BAUKOSTEN - und Nebenkosten
Im Rahmen der Kosten, die in Zusammenhang mit dem Bau einer Immobilie stehen, unterscheidet man auch zwischen Baukosten und Baunebenkosten. Falls man sich entscheidet, eine bereits vorhandene Immobilie zu erwerben, fallen natürlich dann keine Bau- oder Baunebenkosten an, sondern Kaufkosten und Nebenkosten. In vielen Fällen ist es aber auch heute noch so, dass die Bürger ihr eigenes Heim nach ihren eigenen Vorstellungen errichten lassen möchten, und sich daher für einen Neubau entscheiden. In diesem Zusammenhang ist es sehr wichtig, dass man zunächst einmal überhaupt von der Existenz der Baunebenkosten weiß, denn nicht wenige Bauherren machen den Fehler, bei der benötigten Baufinanzierung nur die reinen Baukosten einzubeziehen, denken dabei aber gar nicht daran, dass die Baunebenkosten zusätzlich noch rund 10 Prozent der Baukosten ausmachen können. Unter den reinen Baukosten versteht man all diejenigen Aufwendungen, die ausschließlich für den Aufbau der Immobilie anfallen. Dazu zählen zum Beispiel alle benötigten Baumaterialien (Steine, Holz, Beton etc.) und natürlich die Arbeitsleistung der verschiedenen, auf dem Bau tätigen Personen. Man spricht in diesem Zusammenhang auch von den reinen Baukosten oder den Kosten für das Bauwerk. Man teilt die Baukosten mitunter auch in die Kategorien Grundstück, Erschließung, Baukonstruktionen, technische Anlagen, Außenanlagen, Ausstattung und Baunebenkosten ein.

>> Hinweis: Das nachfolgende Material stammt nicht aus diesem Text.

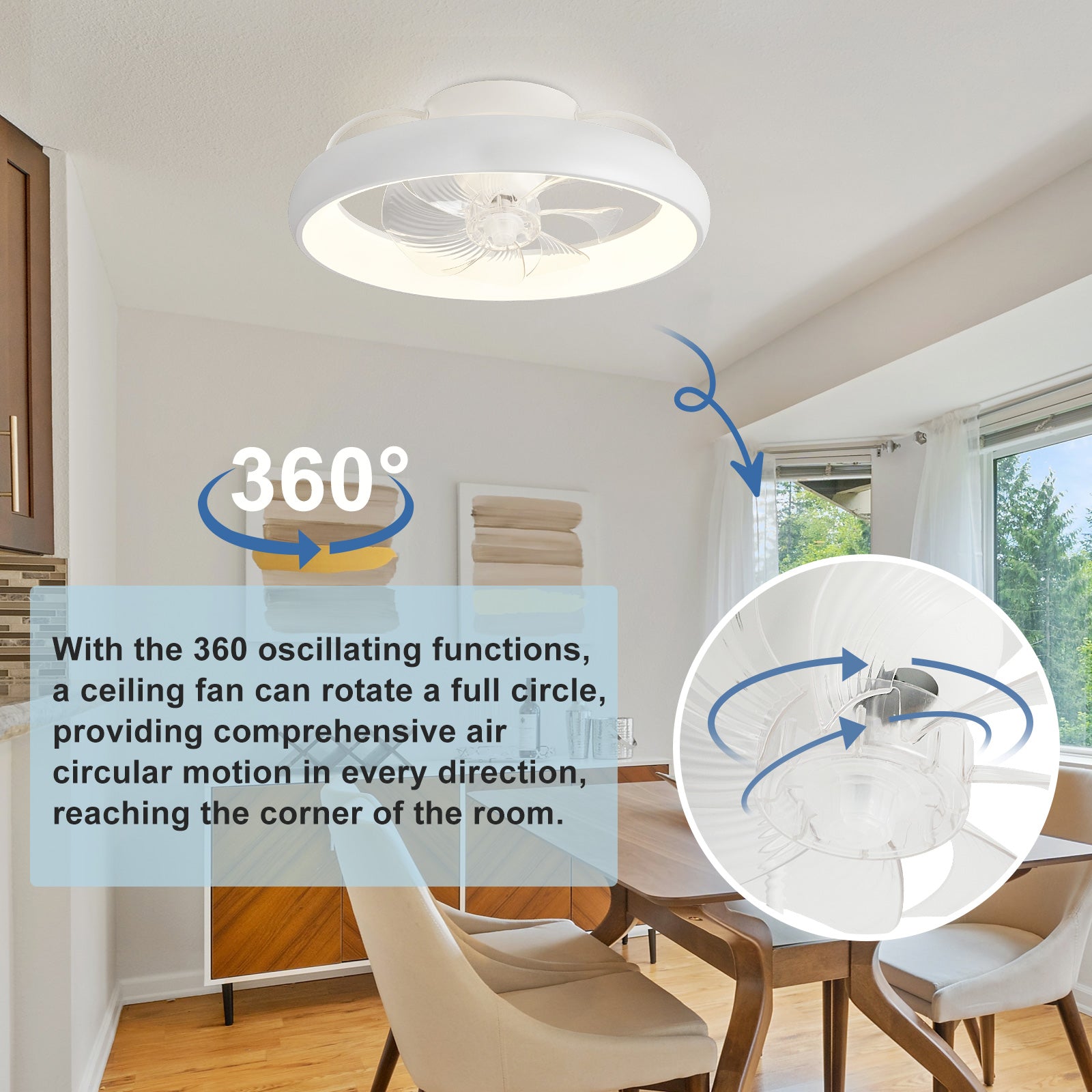 DLLT 360 astetta pyörivä LED-uppoasennettu kattotuuletin, moderni matalaprofiilinen kattotuuletin valoilla ja kaukosäätimellä, himmennettävä käännettävä ajoitus, 3CCT säädettävä keittiön makuuhuoneen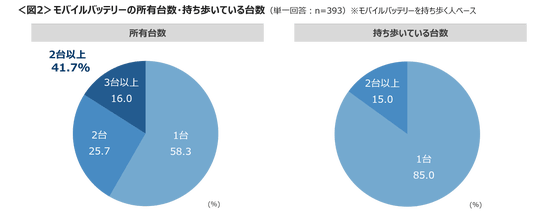 外出時に持ち歩く人が所有しているモバイルバッテリーの数は、「1台」が58.3%、「2台以上」が41.7%。外出時に持ち歩く台数は、「1台」が85.0%で、「2台以上」は少数派。<図2>

_____________________________________________________________________
_____________________________________________________________________
Die Baunebenkosten stellen also einen Anteil an den gesamten Baukosten dar. In den Bereich der Baunebenkosten fallen alle Kosten, die nicht in erster Linie mit dem Bau der Immobilie zu tun haben, sondern anfallen, damit der Bau an sich überhaupt durchgeführt werden kann. Zu den Baunebenkosten zählen zum Beispiel die Planungskosten für den Architekten, für Statiker oder für Sachverständige am Bau. Ferner kommen Gebühren für die Baugenehmigung hinzu, sowie Gebühren für einen Makler, falls dieser in irgendeiner Weise an der Vermittlung eines Grundstückes etc. beteiligt gewesen ist. Auch die Notarkosten für die Eintragung des Eigentums und Beurkundung des Eigentumserwerbs fallen in den Bereich der Baunebenkosten, genauso wie die anfallenden Zinsen und ein Disagio als Finanzierungskosten. Auch Energiekosten fallen natürlich beim Bau einer Immobilie an und fallen in den Bereich der Baunebenkosten. So muss die Baustelle im Winter zum Beispiel beheizt werden und man benötigt in der Regel auch Strom am Bau.